§ **Try it**
Once you find the line containing "PARTICIPANT WAIVER AND" in the data below, copy it and each following line exactly, up to and including the line containing "美丽的彩色小船和波浪玫瑰手臂纹身图案", and nothing else.

§ **Data**
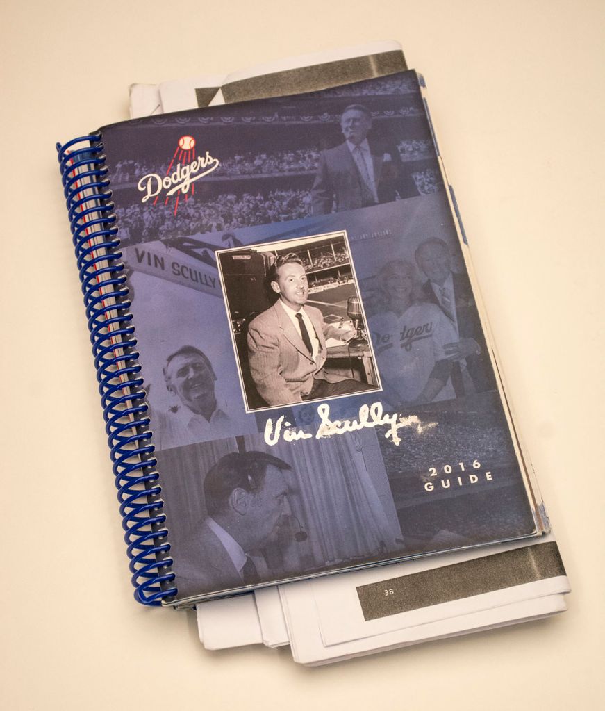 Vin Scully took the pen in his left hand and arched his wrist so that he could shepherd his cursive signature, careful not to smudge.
---
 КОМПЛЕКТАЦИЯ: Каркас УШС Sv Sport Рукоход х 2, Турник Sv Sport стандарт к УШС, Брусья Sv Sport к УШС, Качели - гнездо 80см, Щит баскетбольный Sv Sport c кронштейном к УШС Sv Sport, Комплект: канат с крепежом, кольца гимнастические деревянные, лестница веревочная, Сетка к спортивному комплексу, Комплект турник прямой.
...
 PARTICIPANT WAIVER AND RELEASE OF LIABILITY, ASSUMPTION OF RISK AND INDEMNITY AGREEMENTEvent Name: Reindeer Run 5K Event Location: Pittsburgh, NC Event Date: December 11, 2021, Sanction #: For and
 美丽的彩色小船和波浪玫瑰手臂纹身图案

§ **Result**
 PARTICIPANT WAIVER AND RELEASE OF LIABILITY, ASSUMPTION OF RISK AND INDEMNITY AGREEMENTEvent Name: Reindeer Run 5K Event Location: Pittsburgh, NC Event Date: December 11, 2021, Sanction #: For and
 美丽的彩色小船和波浪玫瑰手臂纹身图案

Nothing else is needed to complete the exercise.